Italia-Irlanda del Nord, Gattuso: "La palla scottava, ma non ci siamo demotivati"
italiaIl Ct a Sky dopo la vittoria: "Il difetto di questo gruppo era sciogliersi alla prima difficoltà, oggi non lo abbiamo fatto. Ha lavorato anche su di me per stare più tranquillo e togliere pressioni ai ragazzi. Bastoni al 99% non avrebbe dovuto giocare, Mancini si è allenato con dolore, vedo grande attaccamento"

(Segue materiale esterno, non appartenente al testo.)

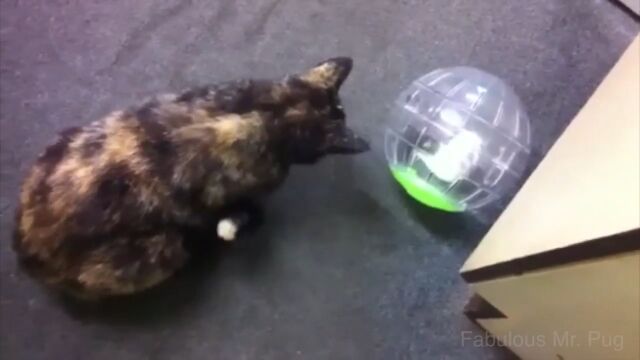 猫さんが獲物として見ていて、かつハムスターも逃げ回っていたら、虐待かもしれないけど、どのビデオもそうとは限らないみたいだね。

Primo atto della missione playoff completato. L'Italia fatica nel primo tempo ma poi batte 2-0 l'Irlanda del Nord e va in finale. "Nel primo tempo abbiamo fatto tantissima fatica, ma lo sapevamo che non ci avrebbero steso il tappeto rosso per segnare. Che giochino in B e C non c'entra, è gente avvelenata, magari senza una grandissima qualità, ma che gioca su ogni pallone — è l'analisi di Gattuso a Sky dopo la partita —. Oggi ci hanno anche un po' sorpreso, noi abbiamo sbagliato la posizione di Locatelli, eravamo piatti. Nel secondo tempo, poi, molto meglio. La palla scottava, ringrazio i tifosi perché ho sentito tanti applausi e quasi nessun fischio quando stavamo facendo fatica".
Parola d'ordine: attaccamento
E poi il tema del gruppo: "Bastoni al 99% non avrebbe dovuto giocare, Mancini si è allenato con dolore. Allo stadio c'erano tanti altri, come Di Lorenzo o Zaccagni, e io non ho chiesto nulla, sono venuti spontaneamente - ha proseguito Gattuso —. Per tanti anni è mancato questo, l'attaccamento, che prima era un pane quotidiano. Le mie scelte? Anche chi non ho potuto chiamare aveva fatto grandi cose, in tanti meritavano, ma credo fortemente che in poco tempo si deve parlare tutti la stessa lingua".
"Ci scioglievamo alla prima difficoltà, oggi non è successo"
Ora testa alla finale: "Intanto recuperiamo, staremo a Coverciano, a casa nostra — dice Gattuso —. Fin dal primo giorno non posso lamentarmi di nulla, i ragazzi hanno dato davvero tutto, peccato solo per come è finita la partita di San Siro contro la Norvegia, il difetto di questo gruppo è sciogliersi alla prima difficoltà, oggi nel primo tempo bloccato non lo abbiamo fatto. Ho lavorato anche su di me, per non sbraitare e stare più tranquillo in panchina, per infondere tranquillità ai ragazzi e togliere pressione".